DATA EXTRACT:
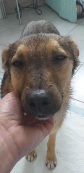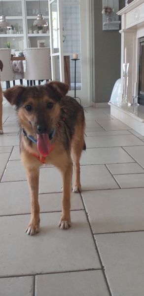 Die Untersuchung beim Tierarzt verlief vorbildlich. Der Mittelmeercheck erbrachte eine leichte Erhöhung des Ehrlichiosewertes, weshalb Jackpot z. Zt. noch ein Antibiotikum bekommt. In ungewohnter Umgebung oder durch Umweltreize/ – geräusche ist er noch unsicher. Aber das muss natürlich weiterhin geübt werden. Jackpot ist sehr lernwillig und vertraut seinen Menschen.
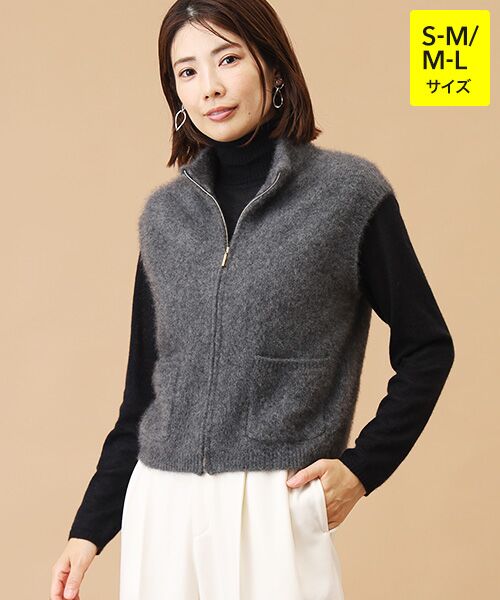 3色展開。カシミヤ75%・シルク25%の編地に起毛加工を施したジップアップのニットジレ。着心地が軽く、ふわふわとした肌触りで、あたたかさも◎。首周りもあたたかいスタンドカラー、便利なポケット付きで、上品さと機能性を兼ね備えたデザイン。秋冬のレイヤードスタイルに活躍する頼れる一枚です。
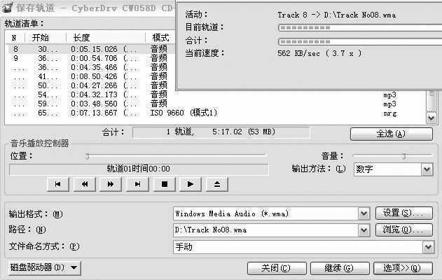 我正准备放弃,无意中打开了Nero Burning ROM 6,发现Nero中的“其他选项”下有一个“保存轨道”的选项,我想:用Nero把CD的音轨复制下来不就好了?说干就干,我再次塞入CD,打开Nero“保存轨道”的选项。Great!CD中所有的音轨都在Nero下显现了出来,在选好了要拷贝的所有音乐和将要保存的格式以及路径后,按“继续”,复制的进度条顺利地动了起来(图3)。随后,我将全部14首歌全部传入了YP-520,打开后,莎拉布莱曼婉转的歌声顺利地从耳机中传了出来!
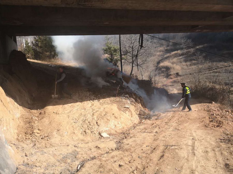此火情系附近的农民擅自点燃柴草所致,接到火情电话的大队长张小平带领内业管理相关执法人员及时赶到带领执法人员用铁锹铲土覆盖着火区域以防死灰复燃,同时对在村民擅自纵火会造成后果进行了严厉批评,并对在场的其他村民进行了高速公路辖区防火安全教育。
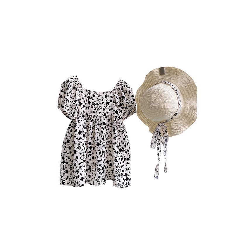 送帽子2025年新品夏款女童韩版洋气小女孩方领碎花连衣裙子
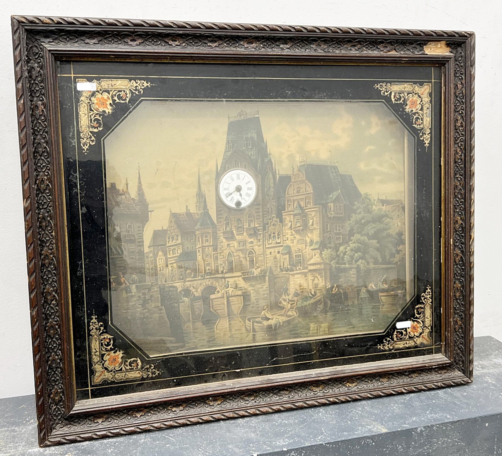 Bilderuhr, Chromolitho, hinter Glas gerahmt, Uhrwerk wohl defekt, Rahmenmaß ca.58, 5x70, 5cm
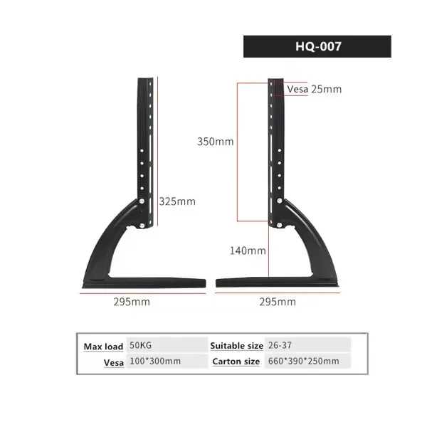 La Base para TV sobre Mesa HQ-007 es un soporte de sobremesa diseñado para televisores de 26” a 37”, brindando una solución práctica y estable para colocar tu pantalla sobre muebles, escritorios o repisas sin necesidad de fijarla a la pared.
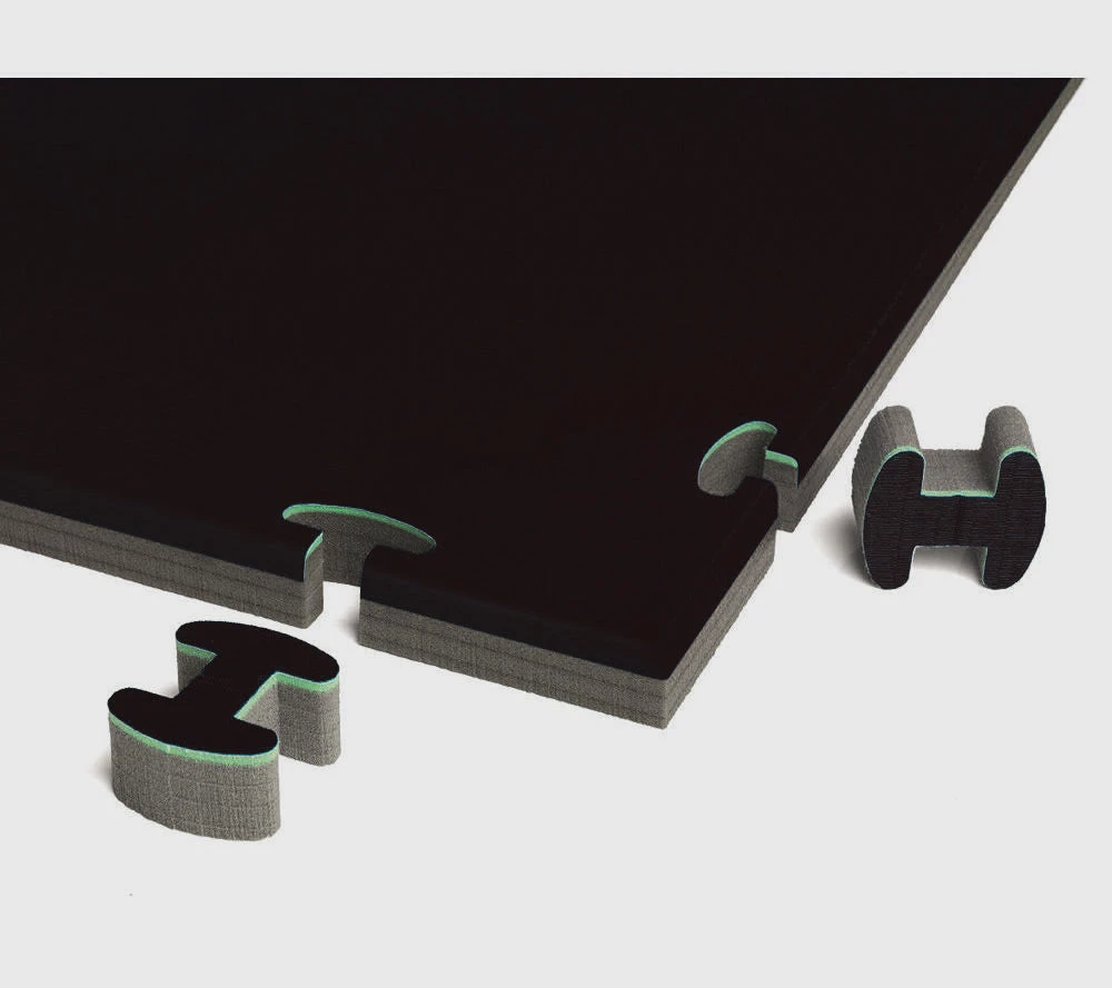The new ProGame TIS concept judo training by Trocellen has been developed to provide training to the maximum levels for the judo, offering the advantages of a traditional tatami with the introduction of some particular innovations. The ProGame TIS concept Judo training by Trocellen is 70% lighter than other traditional tatami in the market. This facilitates assembly and disassembly of the areas, creating play areas with different sizes in a few simple steps and allowing cleaning without problems. The cross-linked polyethylene foam, the surface made of PVC with rice straw embossing and the edges and specially designed rounded corners reproduce the sensation of a traditional tatami, ensuring comfort and long-term safety. The Trocellen Interlocking System (TIS) patent pending makes stable and perform areas without the need of additional frames.

INSTRUCTIONS FOR THE TASK: In your copy of the entries above, leave out the pictures and keep every word exact.

TASK RESULT:
 Die Untersuchung beim Tierarzt verlief vorbildlich. Der Mittelmeercheck erbrachte eine leichte Erhöhung des Ehrlichiosewertes, weshalb Jackpot z. Zt. noch ein Antibiotikum bekommt. In ungewohnter Umgebung oder durch Umweltreize/ – geräusche ist er noch unsicher. Aber das muss natürlich weiterhin geübt werden. Jackpot ist sehr lernwillig und vertraut seinen Menschen.
 3色展開。カシミヤ75%・シルク25%の編地に起毛加工を施したジップアップのニットジレ。着心地が軽く、ふわふわとした肌触りで、あたたかさも◎。首周りもあたたかいスタンドカラー、便利なポケット付きで、上品さと機能性を兼ね備えたデザイン。秋冬のレイヤードスタイルに活躍する頼れる一枚です。
 我正准备放弃,无意中打开了Nero Burning ROM 6,发现Nero中的“其他选项”下有一个“保存轨道”的选项,我想:用Nero把CD的音轨复制下来不就好了?说干就干,我再次塞入CD,打开Nero“保存轨道”的选项。Great!CD中所有的音轨都在Nero下显现了出来,在选好了要拷贝的所有音乐和将要保存的格式以及路径后,按“继续”,复制的进度条顺利地动了起来(图3)。随后,我将全部14首歌全部传入了YP-520,打开后,莎拉布莱曼婉转的歌声顺利地从耳机中传了出来!
此火情系附近的农民擅自点燃柴草所致,接到火情电话的大队长张小平带领内业管理相关执法人员及时赶到带领执法人员用铁锹铲土覆盖着火区域以防死灰复燃,同时对在村民擅自纵火会造成后果进行了严厉批评,并对在场的其他村民进行了高速公路辖区防火安全教育。
 送帽子2025年新品夏款女童韩版洋气小女孩方领碎花连衣裙子
 Bilderuhr, Chromolitho, hinter Glas gerahmt, Uhrwerk wohl defekt, Rahmenmaß ca.58, 5x70, 5cm
 La Base para TV sobre Mesa HQ-007 es un soporte de sobremesa diseñado para televisores de 26” a 37”, brindando una solución práctica y estable para colocar tu pantalla sobre muebles, escritorios o repisas sin necesidad de fijarla a la pared.
The new ProGame TIS concept judo training by Trocellen has been developed to provide training to the maximum levels for the judo, offering the advantages of a traditional tatami with the introduction of some particular innovations. The ProGame TIS concept Judo training by Trocellen is 70% lighter than other traditional tatami in the market. This facilitates assembly and disassembly of the areas, creating play areas with different sizes in a few simple steps and allowing cleaning without problems. The cross-linked polyethylene foam, the surface made of PVC with rice straw embossing and the edges and specially designed rounded corners reproduce the sensation of a traditional tatami, ensuring comfort and long-term safety. The Trocellen Interlocking System (TIS) patent pending makes stable and perform areas without the need of additional frames.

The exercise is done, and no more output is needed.